You’d think someone would come up with a more automated way to perform a morale check.
Over the past year, a U.S.-based IT staffing firm called the Hudson Highland Group has been issuing a series of periodic reports on the mental state of IT workers across America. The company has created what it describes as a “”confidence index”” that rates optimism among industry professionals. Things were kind of low in May, but the summer months seem to be agreeing with people. In its most recent report, Hudson said confidence levels rose to 112.2 in July and up to 115.9 in August (the base score is 100). The sample is about 350. This is the highest the index has risen, leading Hudson to conclude IT departments aren’t as worried about losing their jobs. After all, the percentage of those who said they feared the axe fell by four per cent in August, although close to a quarter of all those surveyed still fear a pink slip.
In Canada, we tend to see more research from companies such as RHI Consulting, who conduct ongoing surveys that highlight hiring expectations and in-demand skills. Hudson’s confidence index represents something different, and should be taken as a sign of recognition in the human resource industry that morale is directly linked to meeting business objectives. We’ve gone through a similar exercise internally. After filling out a detailed employee survey, our answers were represented by different colours, which are laid out on a pie chart. In our case, you wanted to see as much blue as possible — that was the colour of a satisfied, fulfilled employee.
The IT industry might seem a simple one to measure in this way, because most of the key stress points are so widely discussed. There is the general pressure of responding to user problems. There is the threat of outsourcing, or at the very least major cost-cutting that could hamper one’s ability to do a good job. There’s all the social skills stuff. Nonetheless, Hudson’s index relies on questions such as, “”Generally speaking, are you happy with your current job?”” That doesn’t give you much in the way of actionable data. If we’re supposed to pay attention to this kind of benchmark, shouldn’t there be the kind of granular data we might see in a business intelligence report that would not only identify what was going on, but do so in a way that helped us figure out how to respond?

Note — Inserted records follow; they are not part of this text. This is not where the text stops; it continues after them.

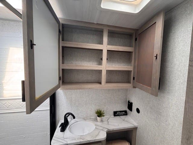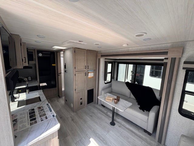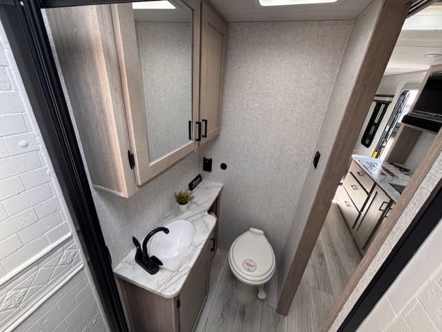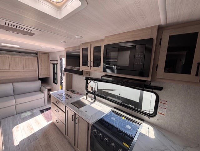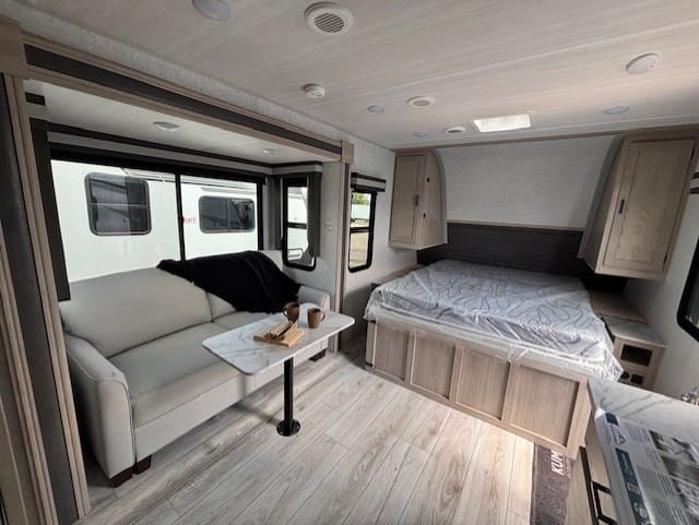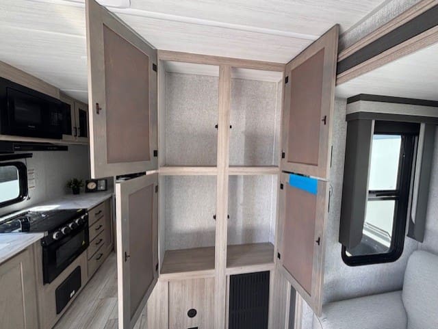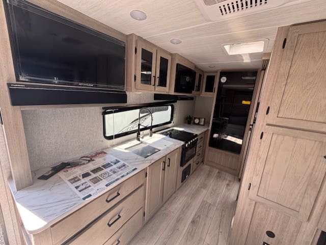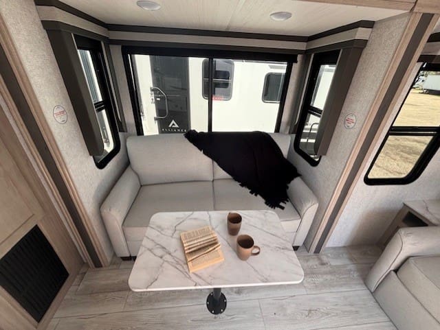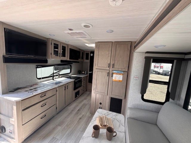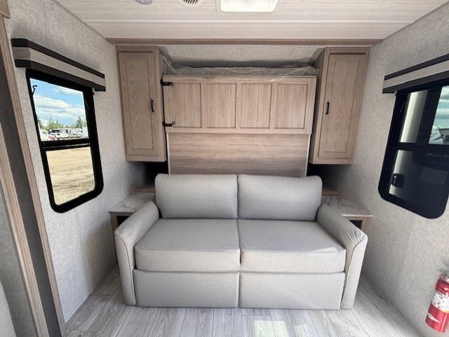 The 2024 Alta 1900MMK is meant for the solo traveller or couple that find comfort in cooking. You will be in awe when you first lay eyes on the immense amount of counter space that extends throughout the length of the trailer with immense amount of cupboard space. The kitchen also includes a full sized 12V fridge, a large sink, and a 3-burner stove. Some other charming features include theatre seating, a murphy bed, and a removable table that easily stores away when not in use.
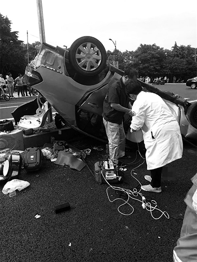 本报讯 3天前,杭州江干区九华路九昌路口发生了一起车祸,两车相撞后,一辆香槟色小轿车侧翻,车子四脚朝天,被困男子头部被压在车底下,当场死亡。
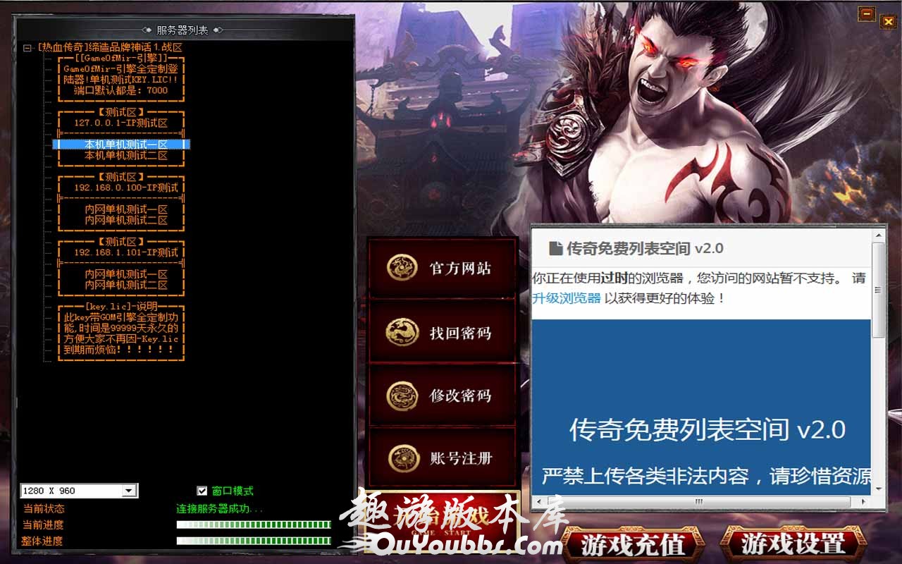【游戏简介】全新独家版本,全新独家玩法,匠心之作! 【元宝比例】元宝靠打,散人玩家的天堂,一切为了人气! 【攻沙合区】开区第三天拿沙。晚上集体开启沙巴克之战! 【爆率介绍】本服所有装备怪物爆出,绝无保留,一切简单化,装备带出处! 【关于封挂】高端定制封挂插件,禁止空白名! 版本地址
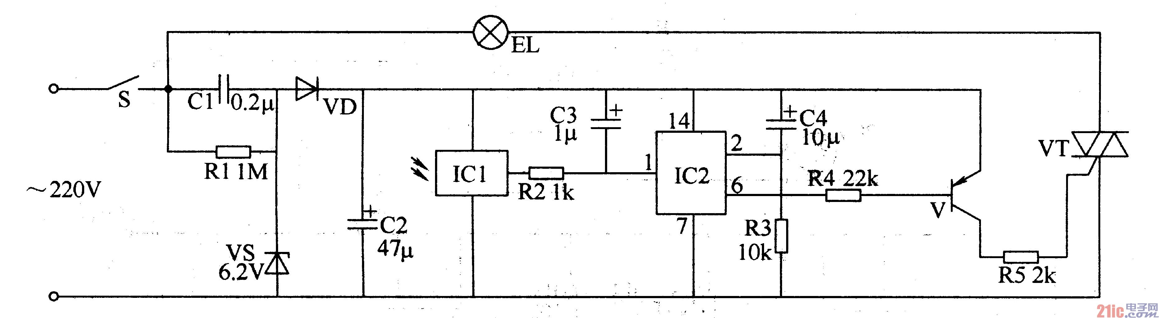 電源電路由電源開關(guān)S、降壓電容器Cl、電阻器Rl、穩(wěn)壓二極管VS、整流二極管VD和濾波電容器C2組成。
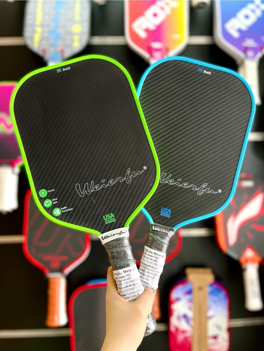 Vợt Weierfu 3K Braid 16mm sở hữu mặt carbon 3K và lõi tổ ong dày 16 mm, mang lại cảm giác đánh đầm tay, kiểm soát tốt và phù hợp cho người chơi pickleball ở nhiều trình độ.
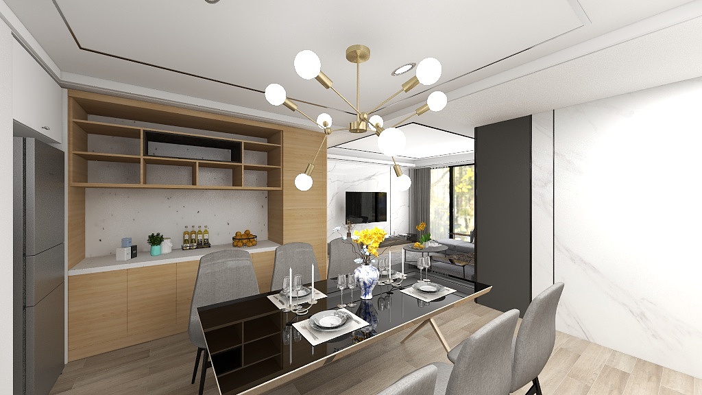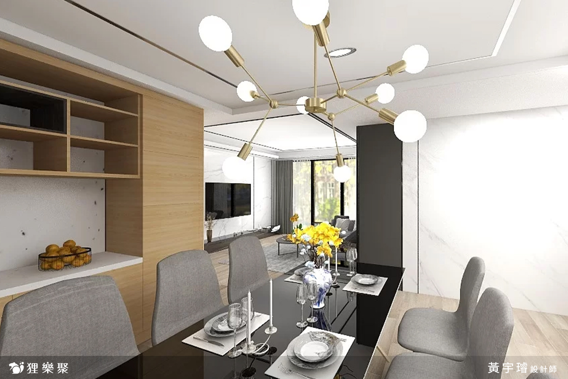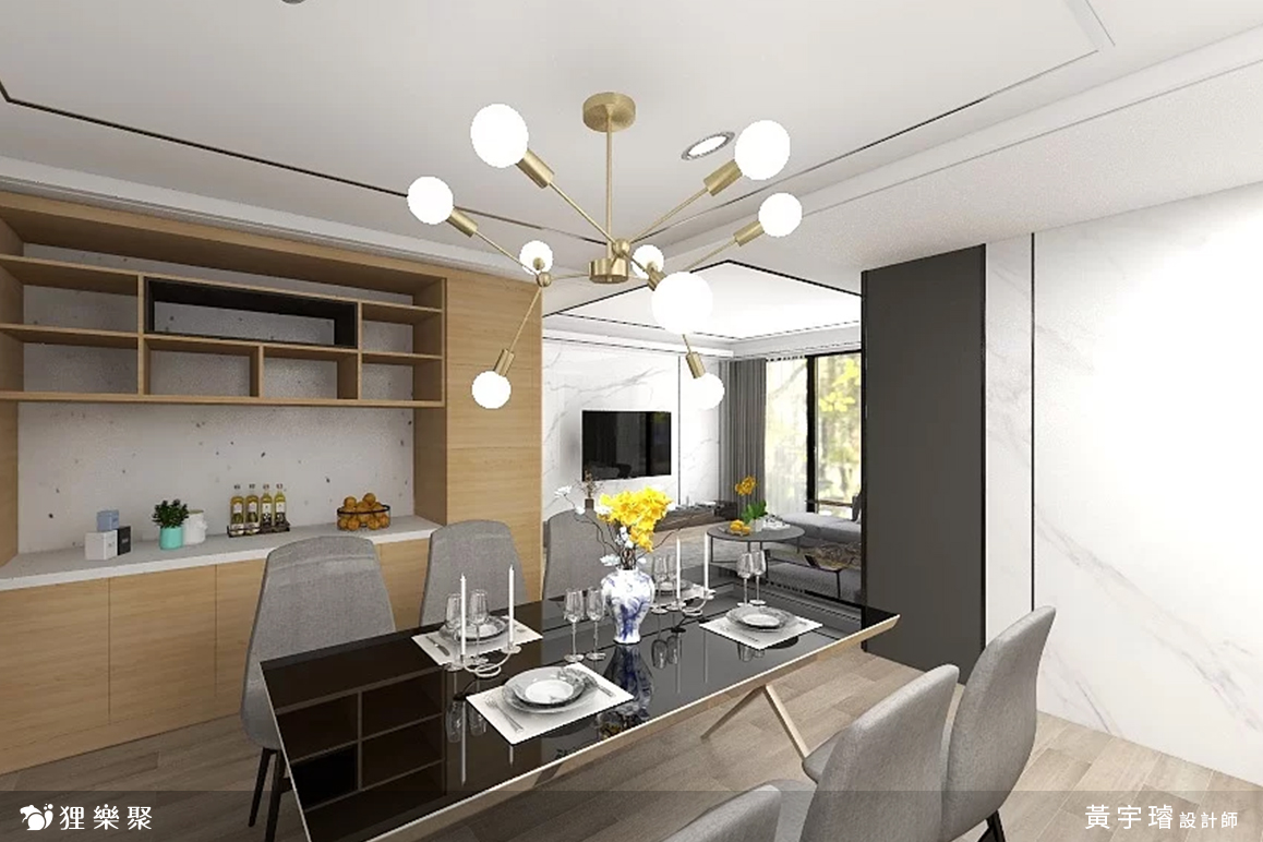 現代輕奢風是在經典的現代風格中,再加入一些精緻的輕奢風建材、家具或擺飾來點綴,營造一種低調奢華的氛圍;設計師在天花板設計間接照明,並利用黑色的線條來突顯層次感,壁面的部份規劃石材牆面,建材的部分可以根據業主的需求選擇大理石或大板磚,或是現在系統板、美耐板也有許多仿石材的紋路可以選擇,最後鋪上木地板以避免居家空間過於冰冷;輕奢風配色多以黑白灰搭配金色來展現微微的華麗感,天地壁大致完成後,設計師加入石材類或亮面、鏡面材質的家具,在餐廳裝上一盞精緻又不失大氣的吊燈,整體相當簡約卻又不失細節。延伸閱讀:<< 哪種裝潢風格適合我家?這樣挑準沒錯! >>
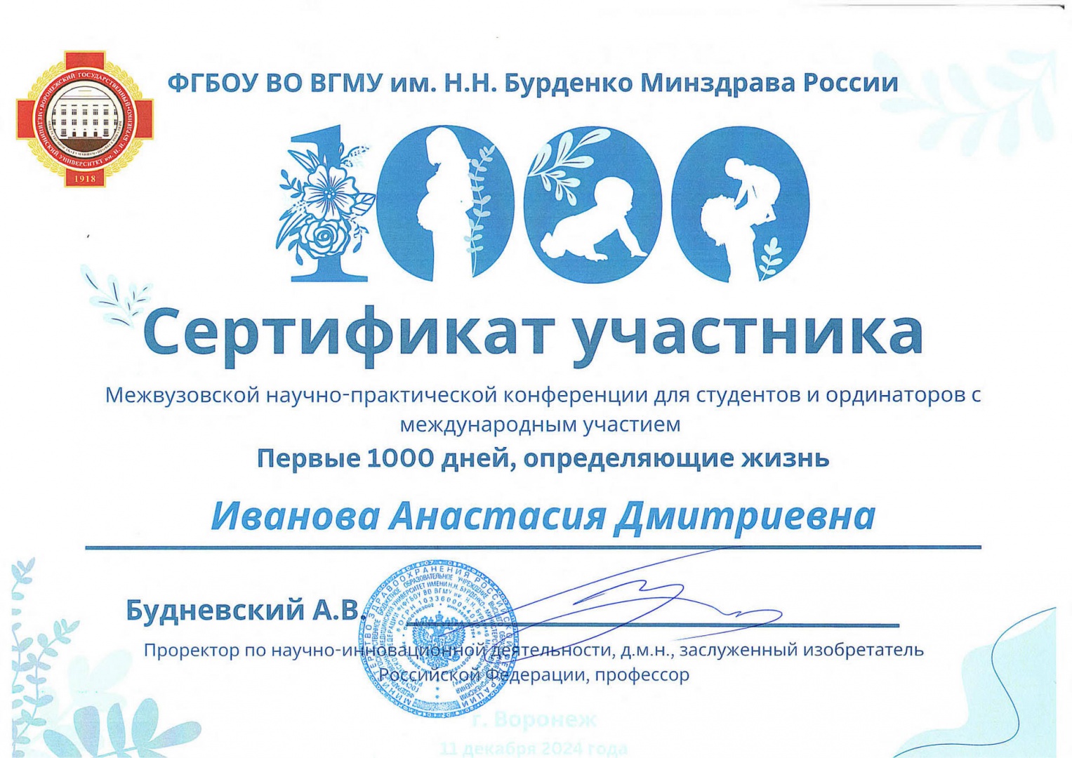 11 декабря 2024 года в ФГБОУ ВО ВГМУ им. Н.Н. Бурденко Минздрава России состоялась II межвузовская научно-практическая конференция для студентов и ординаторов с международным участием «Первые 1000 дней, определяющие жизнь».
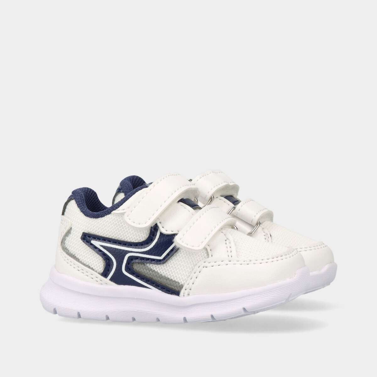 Ténis brancos com detalhes em azul para bebé menino da Chicco. Com fecho de velcro, são confortáveis, leves e fáceis de calçar. Ideais para o dia a dia.
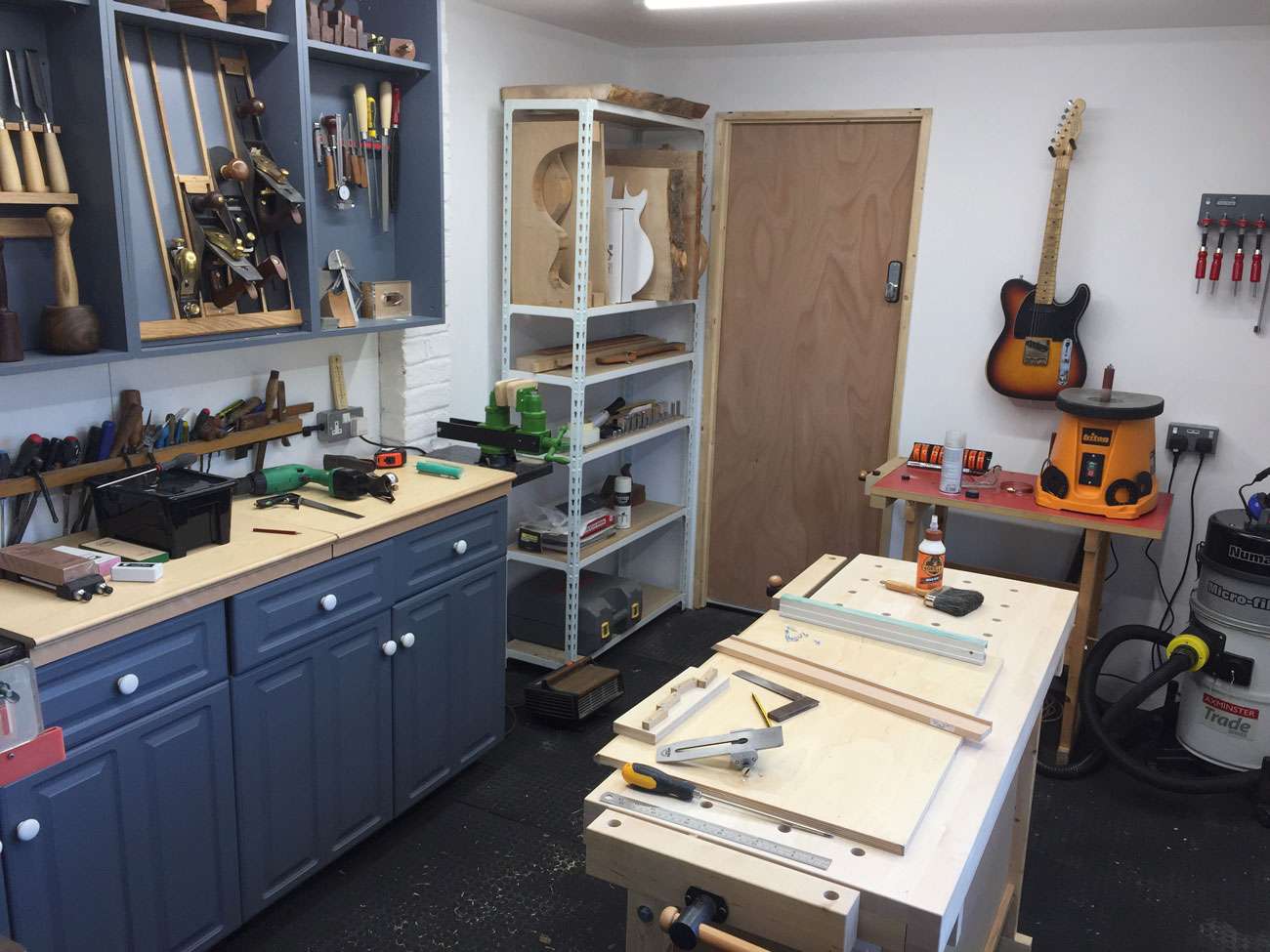 One thing lead to another. I built a few guitars using parts, then ventured to see if I could actually carve a neck using a block of wood by hand and make a fret board. As I started to look into the idea, it lead to building a workshop at home, about a year or so ago. I have organised my workshop complete with some lovely tools, including a few electric ones, though mainly chisels and the like.
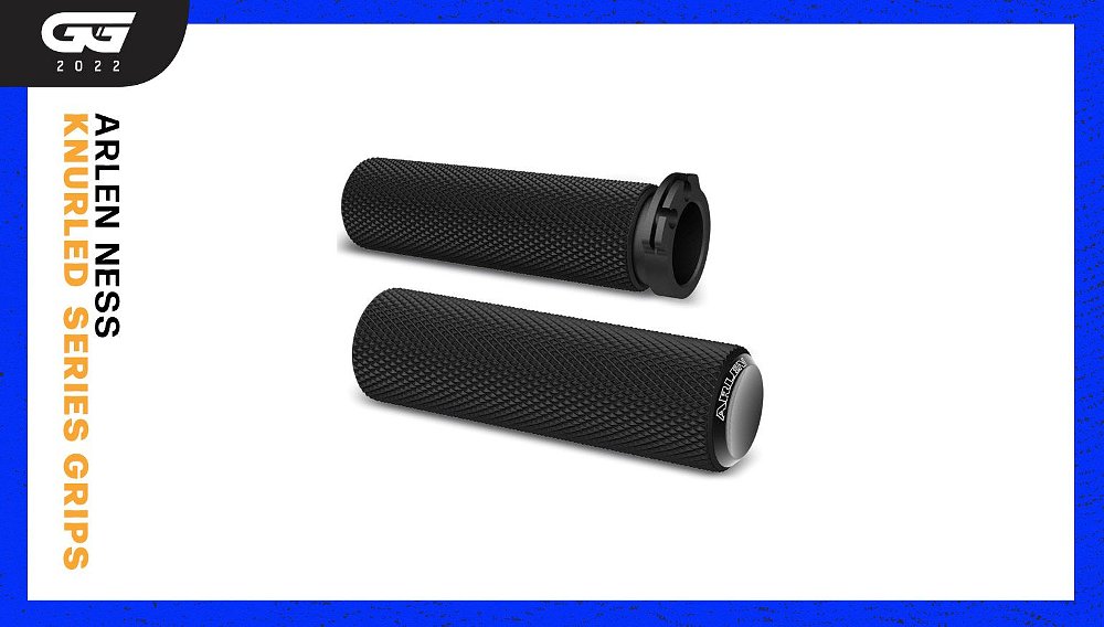 The one-inch diameter grips are made from anodized aluminum and rubber, with the billet end cap featuring the laser-engraved Arlen Ness logo. The functionality of the knurled rubber surface is tactile without feeling like the grip is too bulky and gives you the feedback from your bike you need to stay in control. The anodized end caps come in a variety of colors to add that custom touch that Ness is known for. The grips are available in both throttle-by-wire and cable-driven fitments.
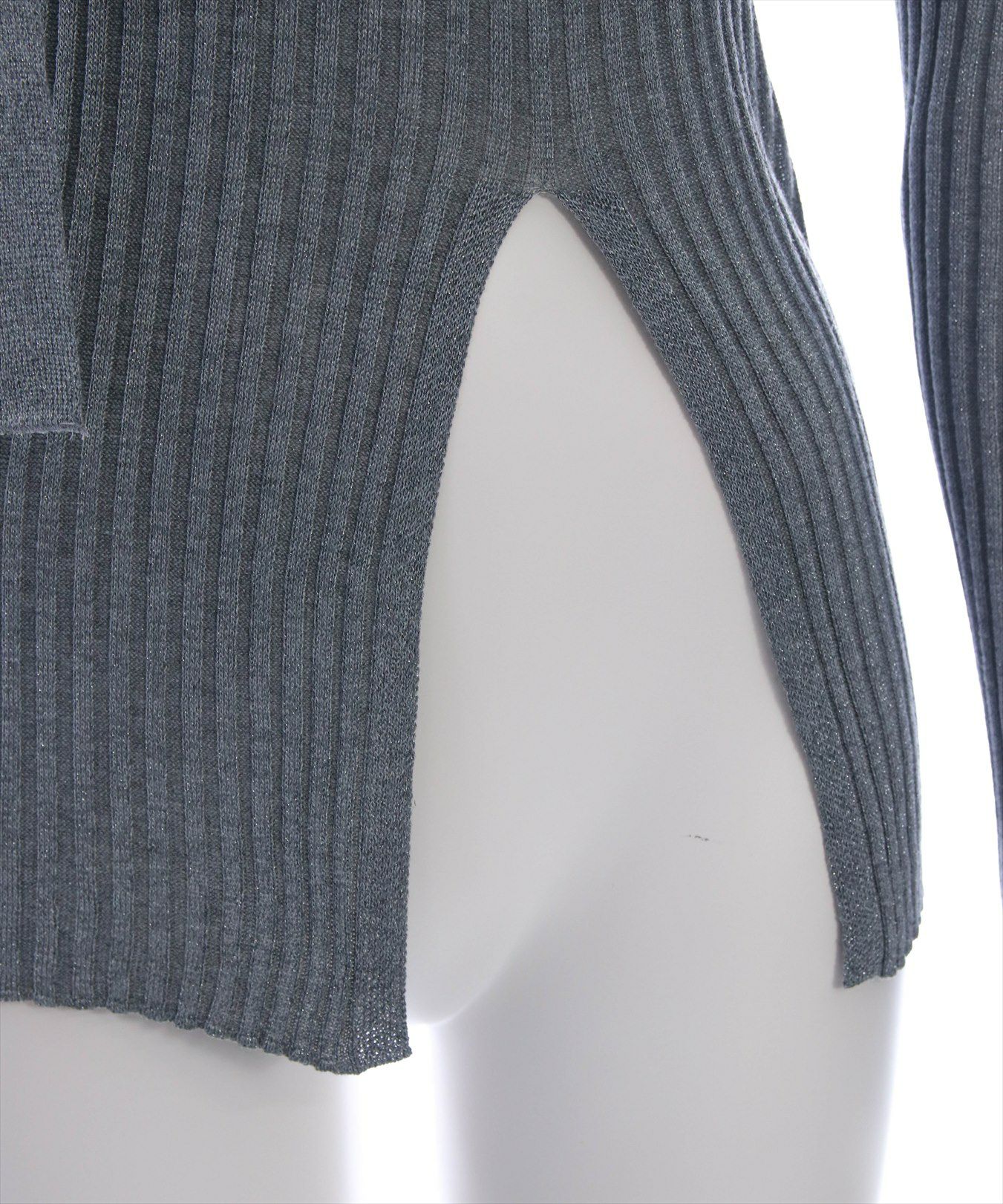clear スカーフ付きVネックラメニットトップス[CL8955]
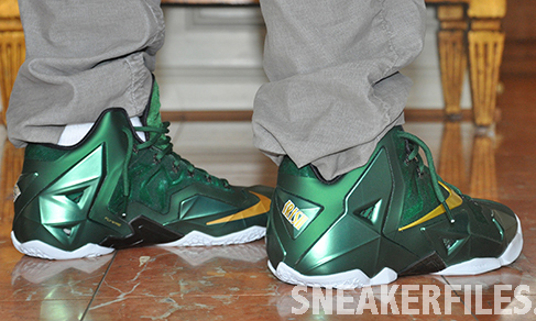 作为LeBron James的母校,SVSM自然会有专属LeBron鞋款,而且以绿金色为主旋律的PE鞋款双双不拉,LeBron 11同样如此。继实物曝光后,网上曝出LeBron 11 SVSM PE的上脚效果照。带有金属感的Hype

There are a few basics to employee retention everyone knows, but some apply to IT more than others. Most happy workers, for example, appreciate a degree of freedom and supportive peer relationships. IT managers are being brought into projects with all kinds of business units, and a good survey would explore whether they are respected for their efforts or treated like tactical lackeys. Morale also tends to be high when employees can see a long-term future with their current employer. Outsourcing fears aside, a better index might ask respondents about the kind of roles they would like to take on in the future — even business roles that have little to do with technology. If they can’t come up with anything, senior executives and HR managers would know what they have to work on.
General questions rarely give you specific answers. That’s why an IT confidence index should not simply look at overall morale, but what kind of projects employees enjoyed the most.